ISSUE: Whether or not there was an implied admission of seaworthiness thus precluding the
right of recovery by private respondent as insurer.
Whether or not the non-presentation of the marine insurance policy bars the complaint for
recovery of sum of money for lack of cause of action.
RULING: No. The payment made by the private respondent for the insureds value of the lost
cargo operates as waiver of its (private respondent) right to enforce the term of the implied
warranty against Caltex under the marine insurance policy. However, the same cannot be validly
interpreted as an automatic admission of the vessels seaworthiness by the private respondent as
to foreclose recourse against the petitioner for any liability under its contractual obligation as a
common carrier. The fact of payment grants the private respondent subrogatory right which
enables it to exercise legal remedies that would otherwise be available to Caltex as owner of the
lost cargo against the petitioner common carrier.

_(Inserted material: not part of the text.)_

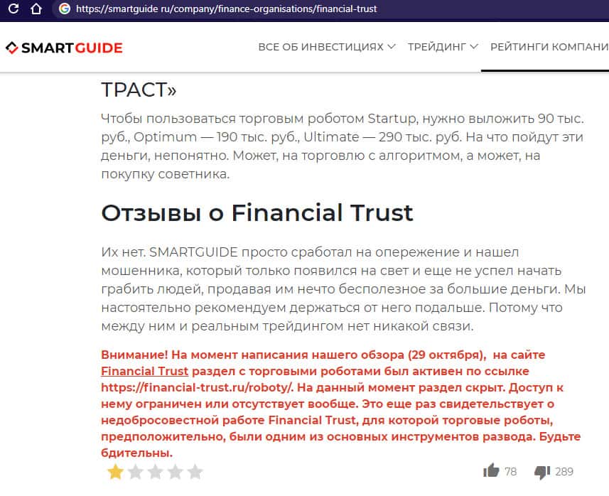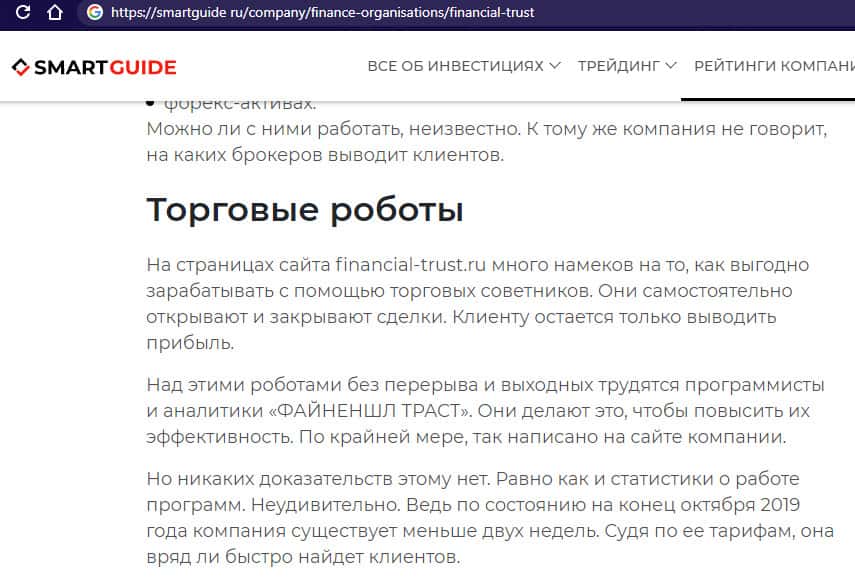 - Негативная статья о жуликах Файненшл Траст с портала smartguide ru

From the nature of their business and for reasons of public policy, common carriers are bound to
observe extraordinary diligence in the vigilance over the goods and for the safety of passengers
transported by them, according to all the circumstance of each case.In the event of loss,
destruction or deterioration of the insured goods, common carriers shall be responsible unless the
same is brought about, among others, by flood, storm, earthquake, lightning or other natural
disaster or calamity. In all other cases, if the goods are lost, destroyed or deteriorated, common
carriers are presumed to have been at fault or to have acted negligently, unless they prove that
they observed extraordinary diligence. The said presumption was not overturned by petitioner in
this case. Hence, private respondent as insurer can exercise its right of subrogation against
petitioner.
Thus, as the appellate court correctly ruled, petitioners vessel, MT Maysun, sank with its entire
cargo for the reason that it was not seaworthy. There was no squall or bad weather or extremely
poor sea condition in the vicinity when the said vessel sank.
Anent the second issue, it is our view and so hold that the presentation in evidence of the marine
insurance policy is not indispensable in this case before the insurer may recover from the
common carrier the insured value of the lost cargo in the exercise of its subrogatory right. The
subrogation receipt, by itself, is sufficient to establish not only the relationship of herein private
respondent as insurer and Caltex, as the assured shipper of the lost cargo of industrial fuel oil,
but also the amount paid to settle the insurance claim. The right of subrogation accrues simply
upon payment by the insurance company of the insurance claim.